**EXERCISE AIM**
Copy the lines below exactly, starting at the one with "Poster with an" and ending at the one with "Fleetguard® FF5825NN premium", and leave out any picture.

**EXCERPTED DATA**
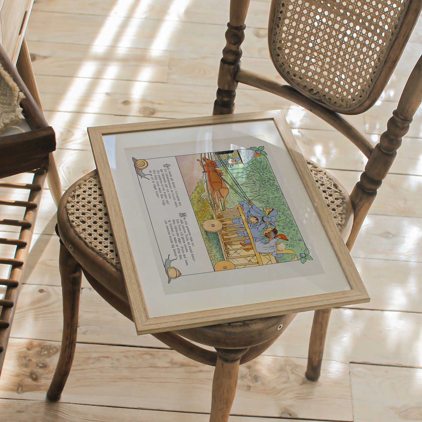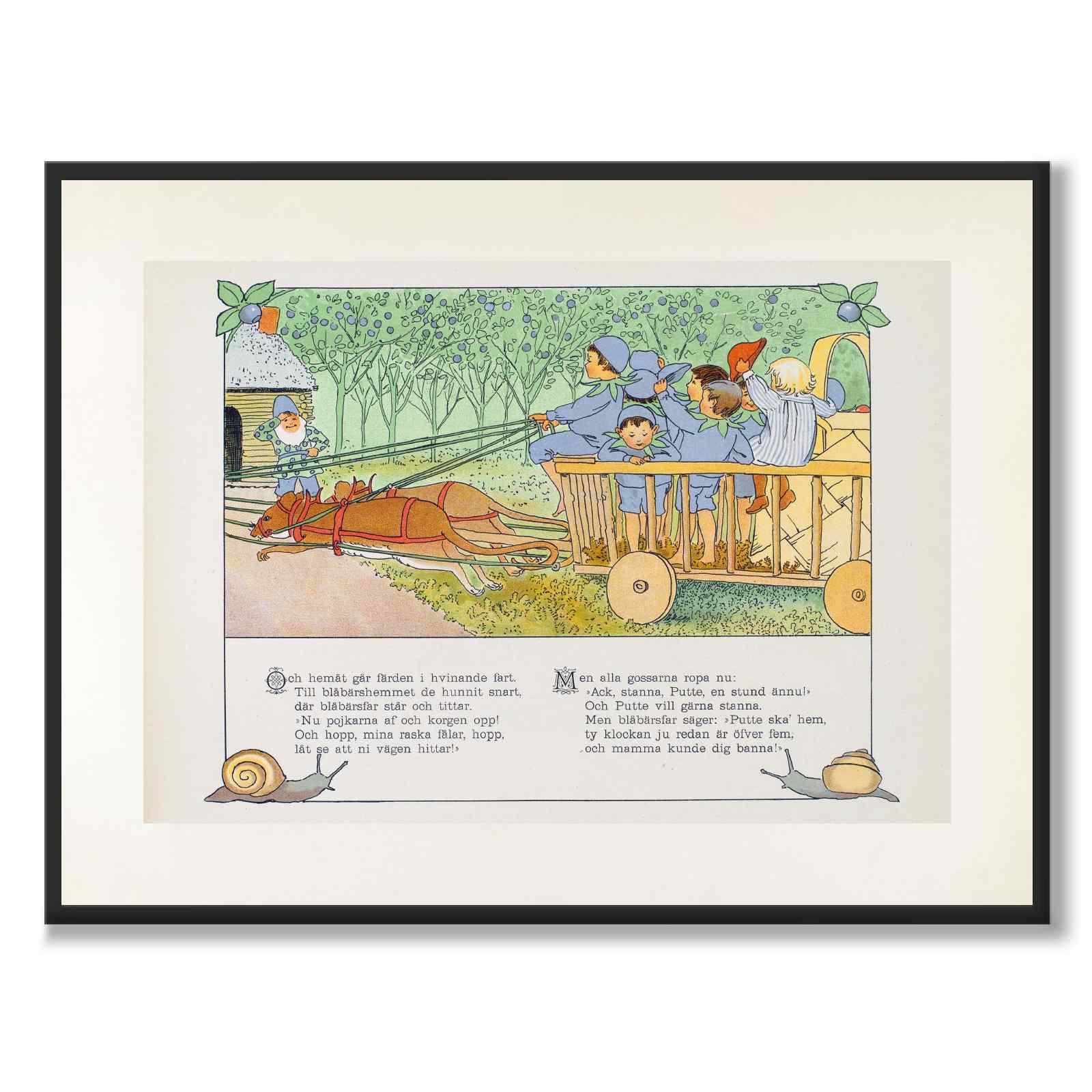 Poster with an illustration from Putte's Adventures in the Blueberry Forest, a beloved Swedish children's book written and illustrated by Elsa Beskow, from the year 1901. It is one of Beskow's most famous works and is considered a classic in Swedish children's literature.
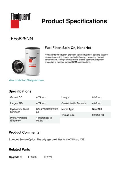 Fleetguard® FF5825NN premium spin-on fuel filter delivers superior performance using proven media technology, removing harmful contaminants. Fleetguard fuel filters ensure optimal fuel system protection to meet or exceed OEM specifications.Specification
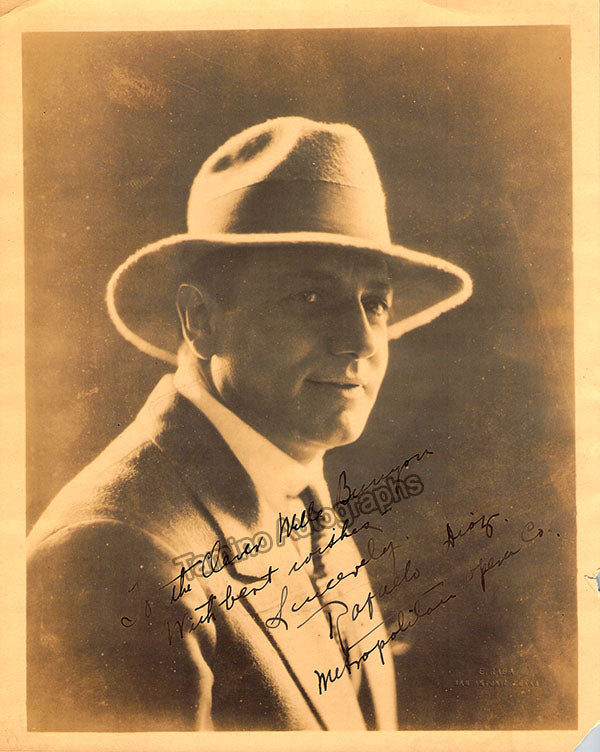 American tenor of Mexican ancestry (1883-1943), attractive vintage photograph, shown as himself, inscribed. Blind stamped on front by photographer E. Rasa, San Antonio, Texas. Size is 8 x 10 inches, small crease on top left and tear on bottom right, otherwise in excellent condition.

==

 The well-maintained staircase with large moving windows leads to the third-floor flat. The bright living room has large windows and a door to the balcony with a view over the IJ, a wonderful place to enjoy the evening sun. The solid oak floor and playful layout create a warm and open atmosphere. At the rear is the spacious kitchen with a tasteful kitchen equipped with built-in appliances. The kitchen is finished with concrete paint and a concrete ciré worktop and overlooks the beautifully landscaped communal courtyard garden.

**ANSWER**
 Poster with an illustration from Putte's Adventures in the Blueberry Forest, a beloved Swedish children's book written and illustrated by Elsa Beskow, from the year 1901. It is one of Beskow's most famous works and is considered a classic in Swedish children's literature.
 Fleetguard® FF5825NN premium spin-on fuel filter delivers superior performance using proven media technology, removing harmful contaminants. Fleetguard fuel filters ensure optimal fuel system protection to meet or exceed OEM specifications.Specification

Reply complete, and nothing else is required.